By now, everyone is probably familiar with the device. It’s small, sort of squarish, sci-fi-looking, make a clicking sound when discharged . . . .

Remember the kid who cried, “Don’t tase me, bro!” at a John Kerry speech a few years ago . . . there was some clicking and then a lot of “Aaaggghhhhh!!!!”

In the United States, Tasers continue to grow in popularity with law enforcement.  As police tools, they are revered by officers for their ability to subdue suspects without causing injury.  Not just because it’s fun to zap bad guys and mouthy hecklers.

It is increasingly questionable, however, whether Tasers actually increase our safety without zapping too many of our Constitutional rights in the process.

But controversy abounds.

In our society, we should at least be asking to what degree is it permissible for the police to Taser someone.  After all, we don’t want them going around shocking every double-parker and jaywalker they see . . . .

Okay, honestly, I wouldn’t mind zapping the double-parkers too much.  (Sorry, I live in the city . . . it’s stressful.)

Some have suggested that the use of Tasers by police should be limited to those situations in which lethal force would also be warranted. Is this too restrictive?

Using Tasers to make arrests has spawned nuanced Constitutional questions.

Is it excessive force for a police officer to Taser a person in order to make the arrest go a little more smoothly?  What if the person is resisting?  What if he’s just mouthing off at a political rally?  What if he threatens the officer but is clearly complying with the arrest?

I think it was Billy Shakespeare who put it best:  “To zap, or not to zap.  That is the question.”

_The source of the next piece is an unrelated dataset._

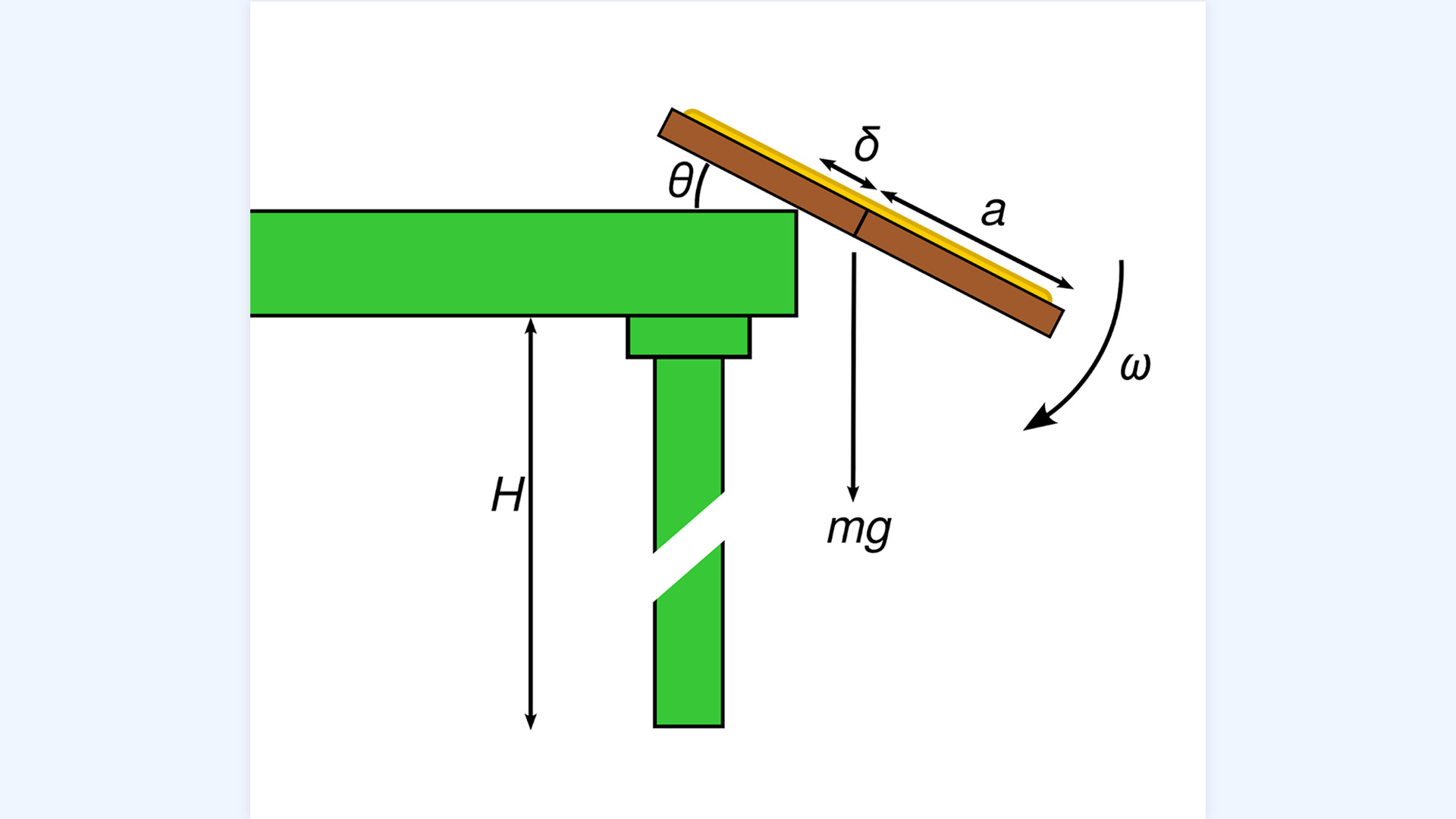 Чертеж Роберта Мэттьюса, иллюстрирующий силы, действующие на бутерброд в момент соскальзывания со стола
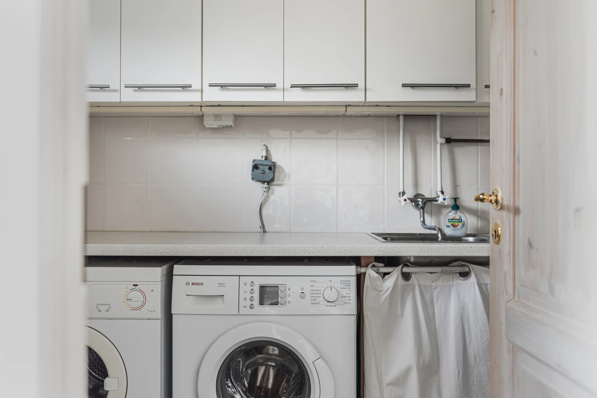 Laminatgolv och väggar delvis kaklade och delvis målade i vitt. Tvättstugan är utrustad med tvättmaskin (Bosch, 2010), torktumlare, arbetsbänk och överskåp.

Sure, sure, sure  . . .  But what about the law?

The Constitution

The Constitution – and the Fourth Amendment in particular – has something to say about all of this.

The Fourth Amendment tells us that the “right of the people to be secure in their persons . . . against unreasonable searches and seizures, shall not be violated . . . .”

When it comes to law enforcement, the question is how much force would be “unreasonable” against a person.  The United States Supreme Court has construed the language of the Fourth Amendment as a prohibition on the use of “excessive force.”

Thus, if a police officer beat you with a baton and strip searches you for parking too close to the cross-walk, your Fourth Amendment rights may have been violated.  However, if you’re on a bus and yelling “I’ve got a bomb!” . . .

You get the point.  Like everything else in life and law, it’s about striking a balance.

Civil Rights Violation?  What about the injury . . . is there one?

A violation of the Fourth Amendment is not without a remedy, of course.  But it gets tricky when we’re talking about weapons that don’t “actually” injure.

Under Section 1983 of the Civil Rights Act, a person whose Fourth Amendment rights have been violated may be able to bring a civil suit against the officer or agency responsible for the violation.

There is a catch, however, when it comes to Fourth Amendment violations regarding Taser use. And recently, the standard for assessing a Section 1983 federal claim has come to butt heads with the nature of the physical injury that a Taser causes.

That is to say, there is no physical injury!  Or at least nothing to point to afterwards . . . such as in the presence of a jury.

Picture this:

“Ladies and gentlemen of the jury, just look at what officer Smith did to me!  My leg is wrapped around my head!  My face has more dents than a crushed soda can!  These broken wrists alone must be worth two hundred thousand dollars!

Now picture this:

“Well, umm . . . no, I don’t have any marks or scars.  But it really really hurt!”

After getting Tasered, the most that can be said about a person’s injury is that he or she has some emotional scarring . . . perhaps a couple of pricks from the Taser barbs.

Thus, the proponents of the use of Tasers as law enforcement tools argue that Tasers help the police to save lives, with minimal injury. For an in-depth treatment of recent criticism of the use of Tasers among law enforcement agencies, take a look at Shaun H. Kedir’s 2007 article, Stunning Trends in Shocking Crimes: A Comprehensive Analysis of Taser Weapons.  Kedir also addresses the rebuttal of Taser International, the company that produces the nonlethal weapon.

The Courts

Many federal courts look beyond just the circumstances of an arresting officer’s use of a Taser.  They look at the injury the person suffered.  No injury = no case.

One commentator explains that in the federal courts holding this view, plaintiffs “generally cannot survive summary judgment unless the law enforcement officer’s force left a sufficiently serious wound.”  See Bryan N. Georgiady, Note, An Excessively Painful Encounter: The Reasonableness of Pain and De Minimis Injuries for Fourth Amendment Excessive Force Claims, 59 Syracuse L. Rev. 123 (2008). As his article points out, a “bruise, scrape, or even pain is insufficient as a matter of law” to keep a claim in court.  Because the Taser caused no sustained physical injury, its use was not unconstitutionally excessive.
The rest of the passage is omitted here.